Specify persistent volume storage class. If null (the default), no storageClassName spec is set, choosing the default provisioner.

""

persistence.retain      

Specify whether the Persistent Volume should survive when the helm chart is upgraded or deleted.

""

persistence.createPV      

True if you need to have the chart create a PV for hostPath use cases.

false

persistence.accessMode

Specify accessModes. If using an NFS or similar setup, you can use ReadWriteMany.

ReadWriteOnce

persistence.size

Specify size of claim (e.g. 8Gi).

50Gi

hostPath

Configures model cache on local disk on the nodes using hostPath – for special cases. One should investigate and understand the security implications before using this option.

""

Service Parameters#

Name

Description

Value

service.type

Specify service type for the deployment.

ClusterIP

service.name

Override the default service name.

""

service.http_port

Specify HTTP Port for the service.

8080

service.annotations

Specify additional annotations to be added to service.

{}

OpenTelemetry Parameters#

Name

Description

Value

zipkinDeployed

Specify if this chart should deploy zipkin for metrics.

false

otelDeployed

Specify if this chart should deploy OpenTelemetry for metrics.

false

otelEnabled

Specify if this chart should sink metrics to OpenTelemetry.

false

otelEnvVars

Env variables to configure OTEL in the container, sane defaults in chart.

{}

logLevel

Log Level to set for the container and metrics collection.

{}

OpenTelemetry configurations can be found in the values section of the OpenTelemetry repository.

Note

Configure the OpenTelemetry exporters according to your needs.
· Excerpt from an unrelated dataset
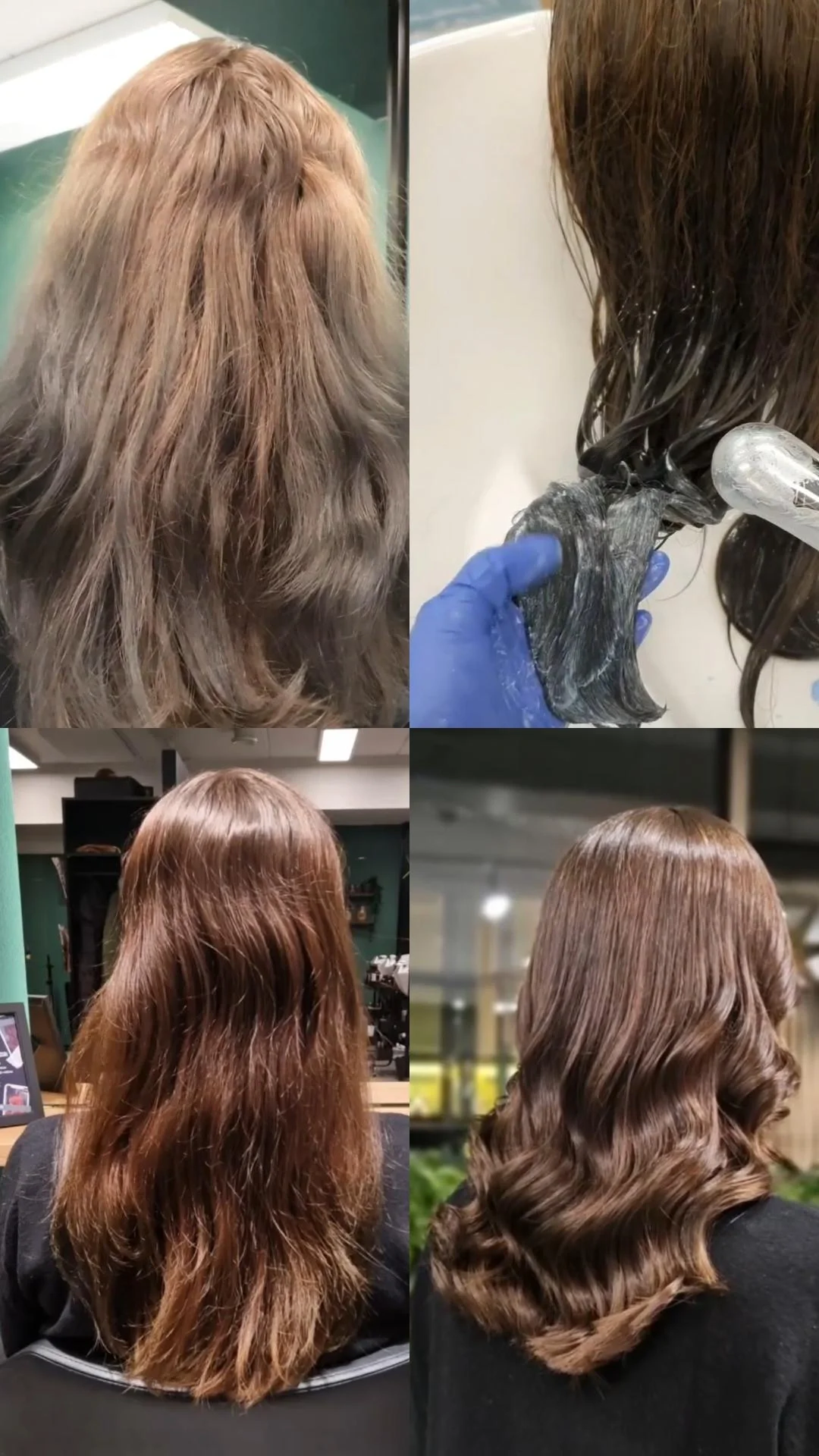 Tässä kuvasarjassa mustaksi latvaan kertynyttä indigoa on vaalennettu perinteisellä vaalennusaineella. Vihreää pigmenttiä nousi esiin ja sitä neutraloitiin jokaisella kampaamokäynnillä. Alemmissa ennen/jälkeen kuvissa näkyy, kuinka ajan saatossa sävy pehmeni ja kokonaisuutta värjättiin pehmeämmän ruskeaksi. (Pahoittelen kuvalaatua, sillä kuvat on napattu vanhemmasta videosta.)

The provided helm chart provides sample configuration for exporting traces to Zipkin, and metrics to an OTLP-compatible receiver, stored at opentelemetry-collector.config.exporters.zipkin and opentelemetry-collector.config.exporters.otlp, respectively.

For example, if your metrics setup operates in a pull-based fashion and you want to expose NIM metrics in Prometheus format, you can do so by replacing the OTLP exporter with a Prometheus exporter.